Hadoop is an
open source software framework which is used for handling Big Data. By ‘Big Data’,
I obviously mean large data sets which are often difficult to store and process.
Hadoop works in a distributed computing environment across clusters of computers
and facilitates rapid data transfer rates.
The core of Hadoop consists of four modules
included in the basic framework:
Common – the libraries and utilities used by other Hadoop modules. These libraries provides filesystem and OS level abstractions
and contains the necessary Java files and scripts required to start Hadoop.
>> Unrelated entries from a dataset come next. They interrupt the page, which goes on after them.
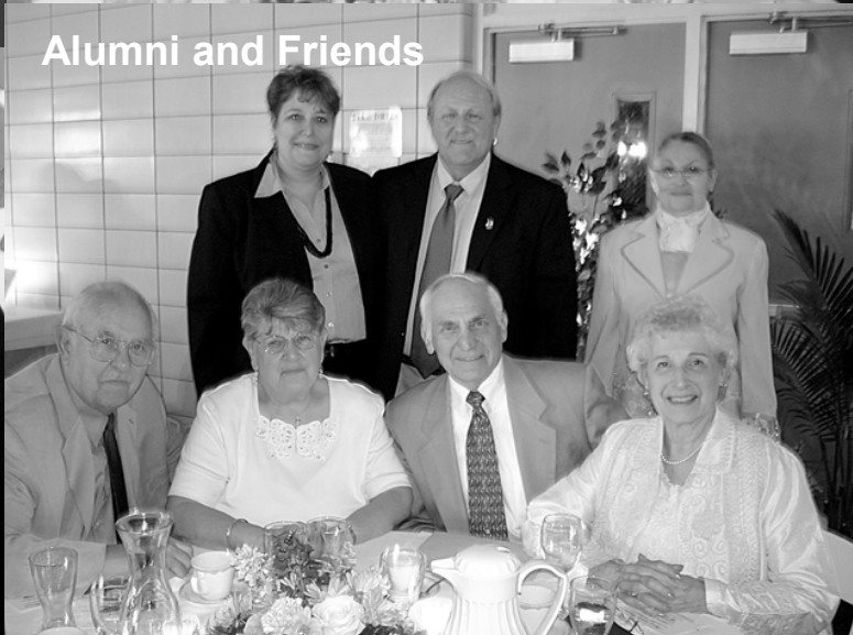
Alumni and Friends
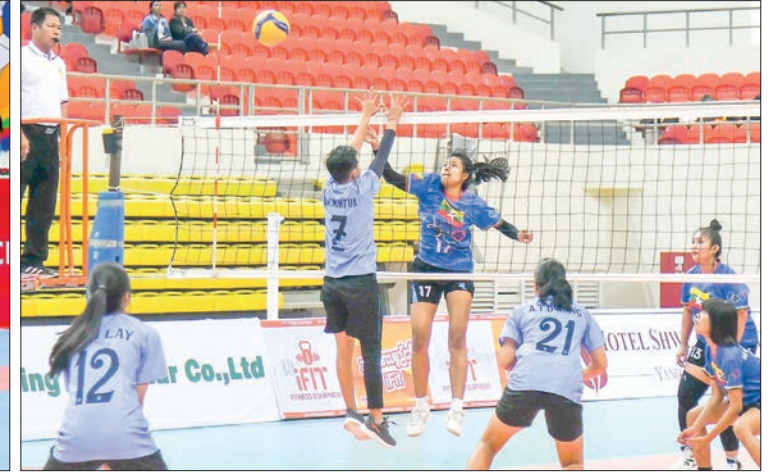
ISR women's volleyball tournament.
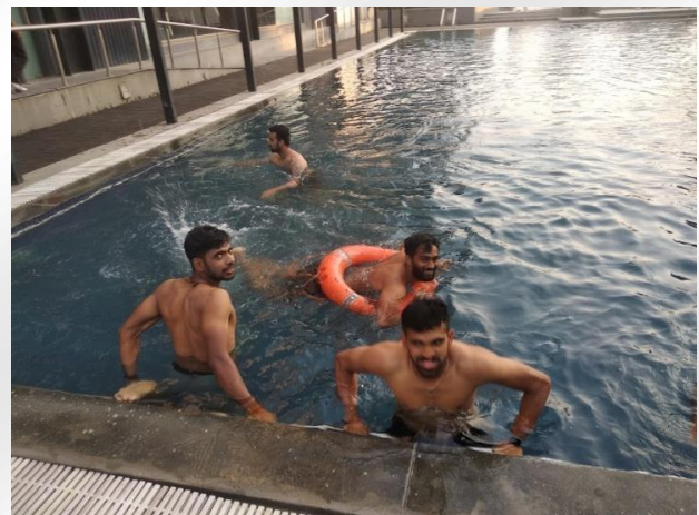
Team Goa in Surat for Vijay Hazare Trophy 2020-21
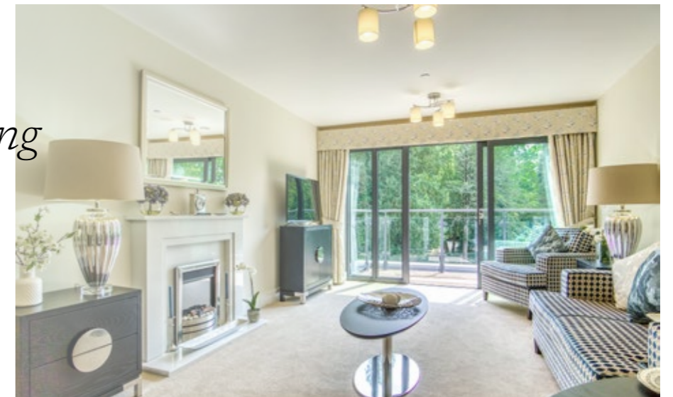
TYPICAL LIVING ROOM
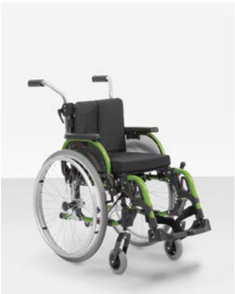
► Start M6 Junior – The model for kids Lightweight segment
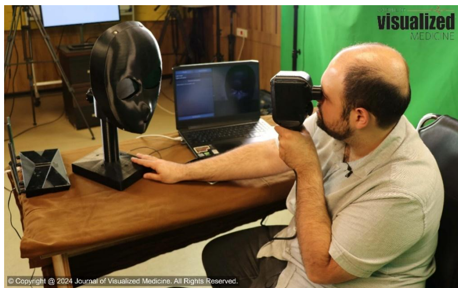
Figure 1. Realistic simulation of direct ophthalmoscopy examination (Design by Authors, 2024)

By following these steps, we ensure that our ophthalmoscopy simulation is, providing users with a realistic experience of examining normal and pathological retinal features (Figure 1-3).
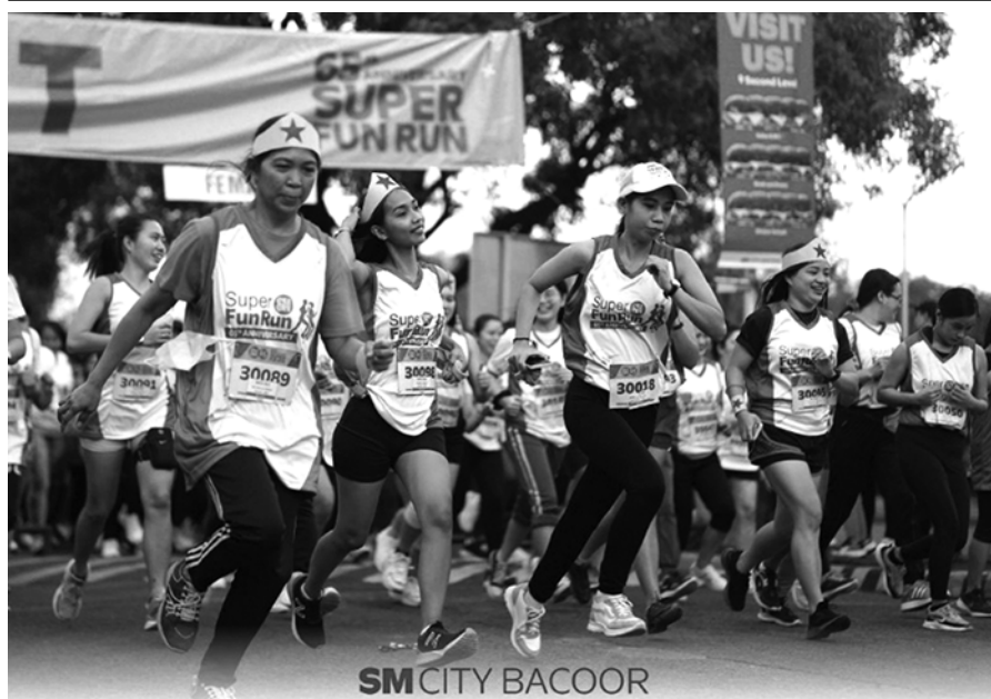
SM CITY BACOOOR

BACOOOR, CAVITE – In celebration of SM's 65th anniversary, SM City Bacoor and SM City Molino came together with a burst of energy, unity, and a strong sense of community in their first ever Fun Run. More than 200 employees from the two malls raced around SM City Bacoor's perimeter in two sets, a 3KM track for female racers and 6KM for the male runners.
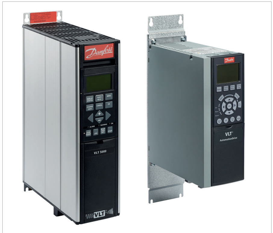
Adaptor plate, FC302 and a MCA114 PROFIBUS converter can easily replace a VLT5000

Owners can therefore exchange old drives with new drives in existing systems with ease. This is an advantage when a high degree of flexibility in upgrade strategies is required.
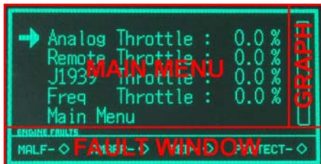
Figure 1. Main Display Window

The main display is sectioned off into three areas. Main menu, Fault window, and Bar Graph Gauge window.
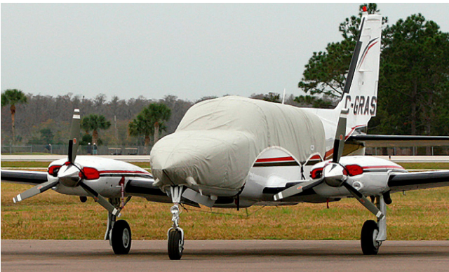
Cessna 340 Canopy/Nose Cover & Engine Inlet Plugs
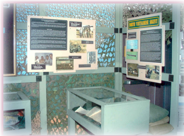
The Vietnam War Exhibit (at left)
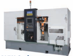
▶ ANW Series - Dual Spindle CNC Lathes

For more information, visit www.fujimachine.com Phone (847) 821-2432
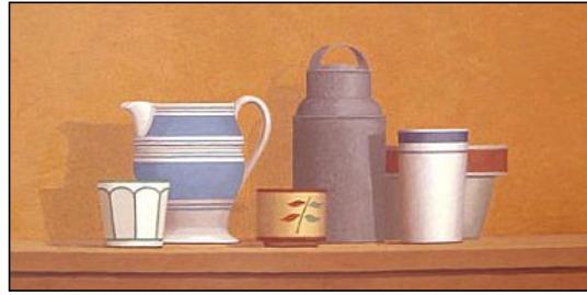
The Meanings of Still Life
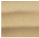
Heritage Brass (HB)
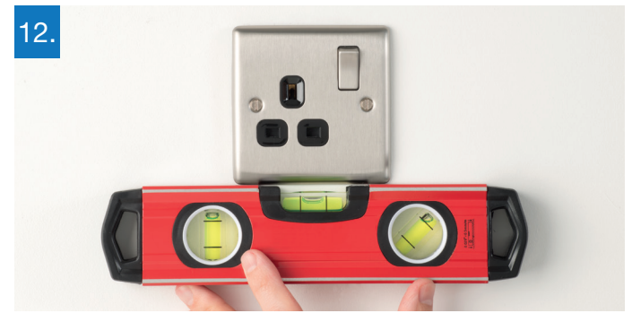
Insert and tighten the retaining screws provided. Use a spirit level to make sure that the socket is level. Restore the power at the consumer unit and test.
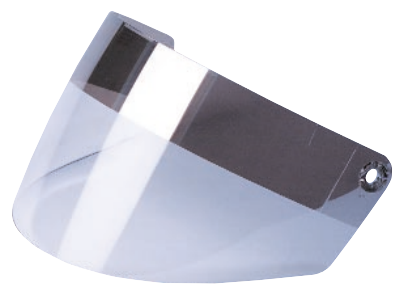
FX-0036 CLEAR/SILVER MIRROR

ALL AFX FACE SHIELDS ARE OPTICALLY CORRECT, COMPOUND CURVED, SCRATCH RESISTANT, AND UV TREATED. "TINTED SHIELDS ARE NOT RECOMMENDED FOR NIGHTTIME USE."
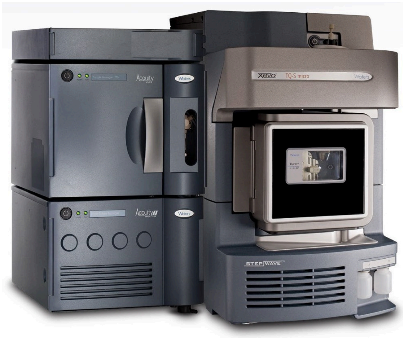
Figure 1. ACQUITY UPLC I-Class System and Xevo TQ-S micro.

The technique uses in-source collision induced fragmentation at various cone voltages followed by library matching using the ChromaLynx Application Manager. Previous analysis of mixtures of drug substances using the Xevo TQ-S micro indicated that the cone voltages required to produce comparable fragmentation patterns were higher than those used with the previous generation mass spectrometers (e.g. Xevo TQD), therefore modified libraries were prepared and evaluated. Figure 2 shows a comparison of spectra obtained on the two platforms, highlighting the additional 30 V applied to the cone for each function on the Xevo TQ-S micro.
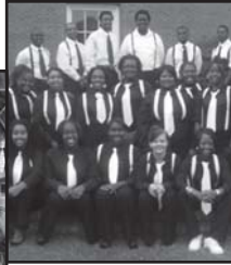
Gospel Sing Out featuring the Coastal Carolina University Inspirational Ambassadors Sunday, March 8
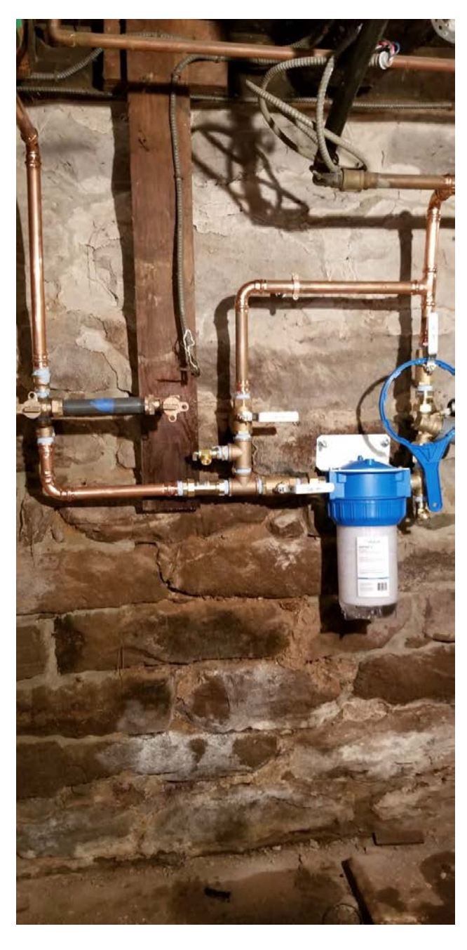
Picture 7: Final water service components that Fazzino Plumbing installed at the 110 Maple Avenue, Durham, residence.
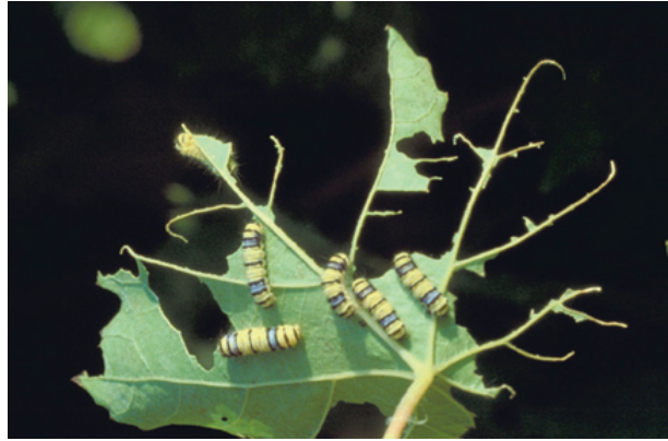
Fifth stage larvae feed individually and "skeletonize" leaf leaving only main veins
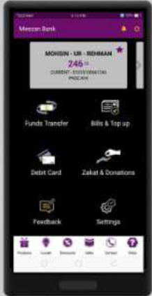
Login Mobile App
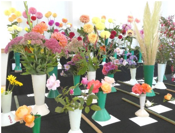
Some of the beautiful flowers displayed
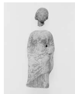
Figure 14: 71.AD.345, H: 4.5 cm

71.AD.345: (fig. 14) Seated goddess, probably Persephone, wearing an epiblema and a chiton, with her head tilted to the left; traces of polychromy are visible on the surface; third century BC.
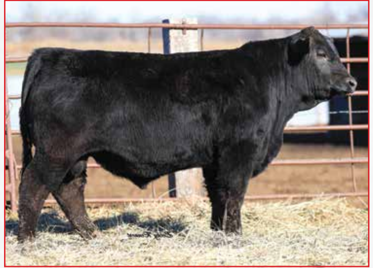
HUNT BILLY 28L
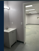
Office & Restroom Interior
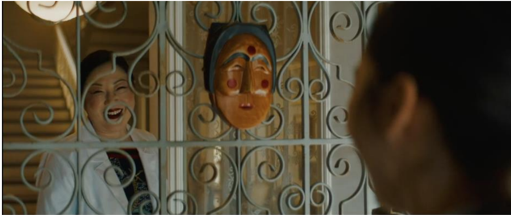
Figure 2: “Ms. Moon answers her door (00:49) in Koreatown Ghost Story .”
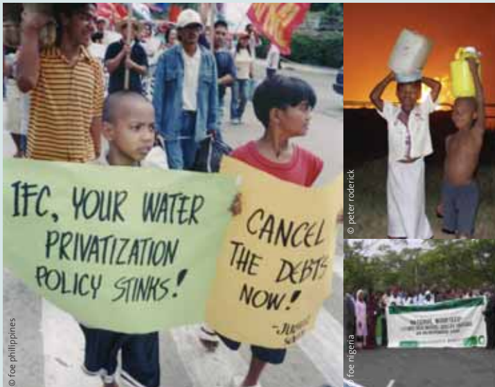
Children in the Niger Delta.
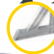
I-shaped extruded legs

CGB Cab Guard "I"-shaped extruded legs, aluminum diamond plate wall
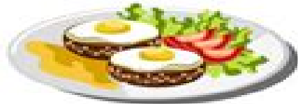
BEEFSTEAK WITH EGG
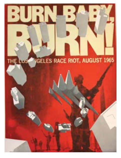
Beyond the Great Eclipse: Burn Baby Burn, 2009

Direct to plate photogravure and aquatint; Paper size: 25" x 17.5"; Edition of 20
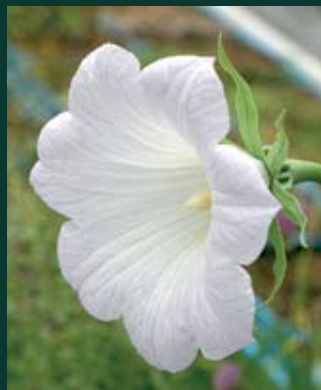
486. Ostrowskia magnifica
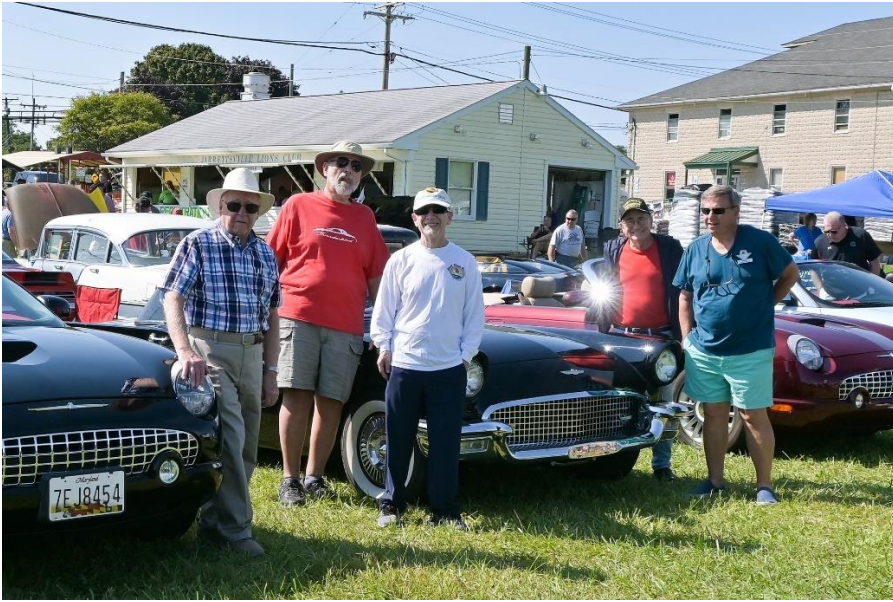
The Gangs All Here
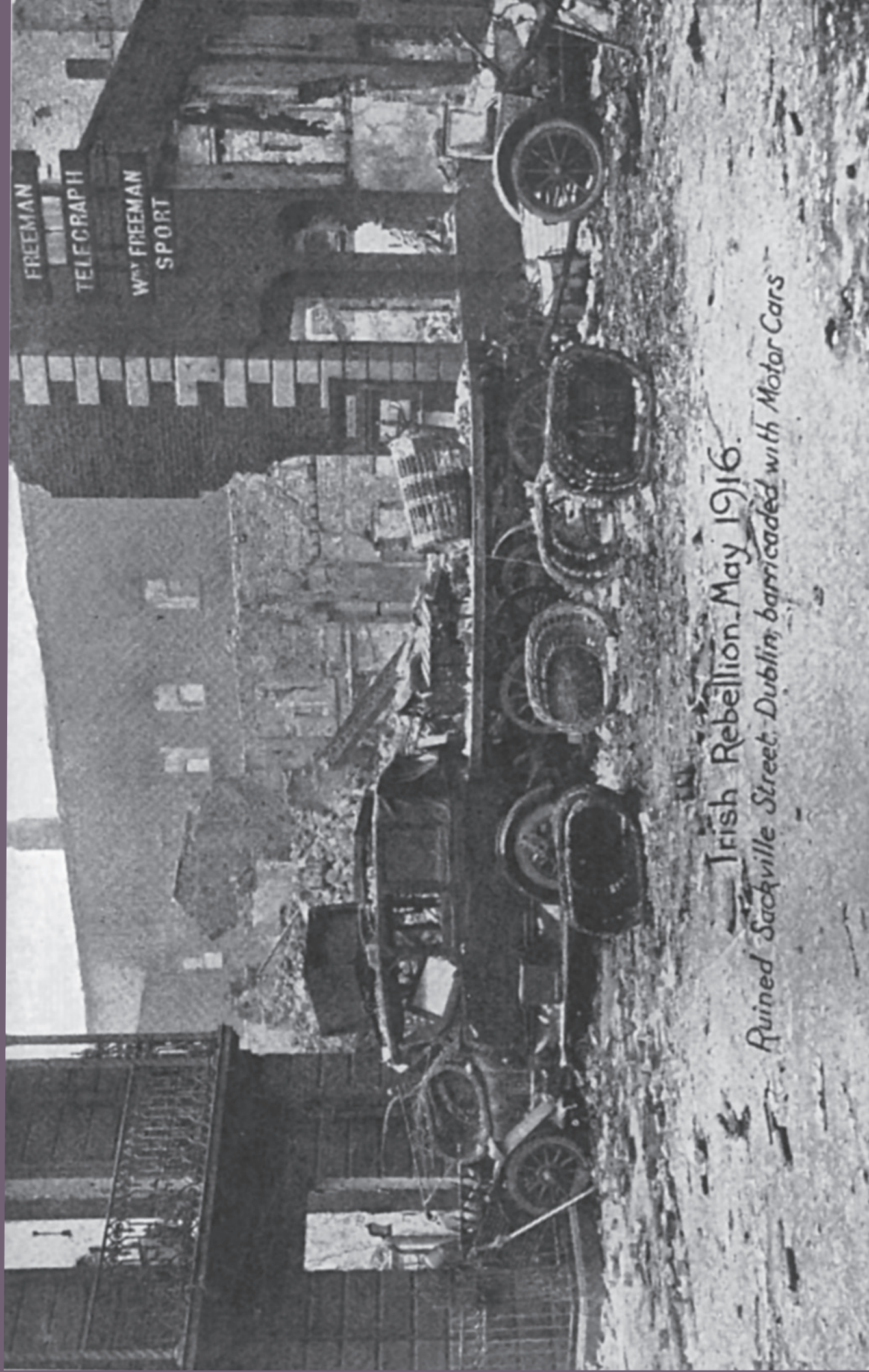
Irish Rebellion, May 1916. Ruined Sackville Street, Dublin, barricaded with Motor Cars
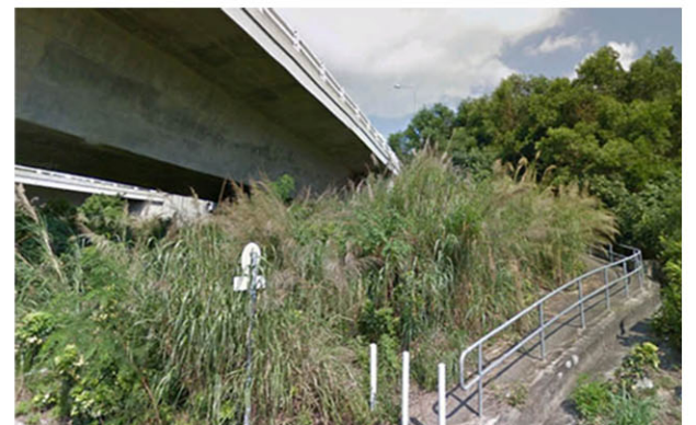
LR12 - Vegetation on Modified Slope
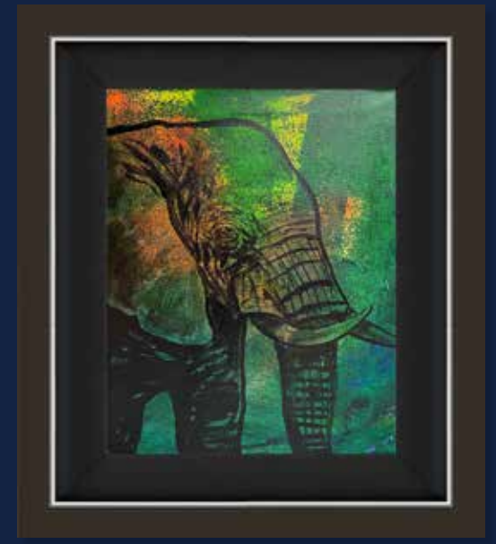
Street Art - Elephant , original oil painting by Wyland
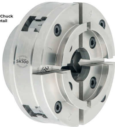
SK100 Clubman Chuck fitted with Dovetail Jaws Type C

For more information and to see all the latest accessories visit axminstertools.com or call 03332 406406
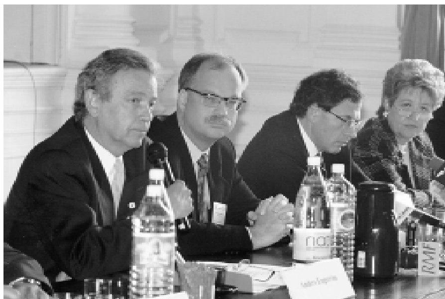
President Engström, Mayor Posadzki, Minister Rosati and Commissioner Wulf-Mathies on a lively press conference.

Panel discussion were followed by workshops: Agenda 21 - Local, Regional and Governmental cooperation, European Union in the Baltic Sea Region today and tomorrow - a challenge for Baltic Cities, Local self-government in the Baltic Sea Region - tendencies and obstacles, and
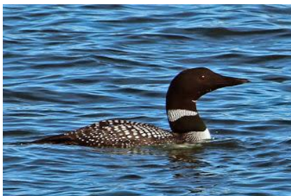
Common Loon "They're Back"
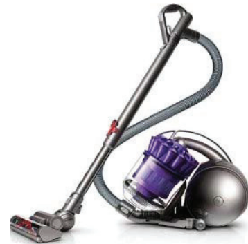
Dyson DC-39 Multi Floors Canister Vacuum

Distributed File System (HDFS) – HDFS is a scalable and portable file system written in
Java capable of storing data across thousands of commodity servers
to achieve high bandwidth between nodes. It uses a master/slave
architecture where master consists of a single NameNode that manages the file system metadata and one or more
slave DataNodes that store
the actual data.
3. YARN –
(Yet Another Resource Negotiator) provides resource management for the
processes running on Hadoop.
MapReduce – The MapReduce programming model is a parallel
processing software framework which is comprised of two steps. First step is
the Map job in which a master node takes inputs and partitions them into
smaller subproblems and then distributes them to worker nodes. After the map
job has taken place, the master node takes the answers to all of the
subproblems and combines them to produce output.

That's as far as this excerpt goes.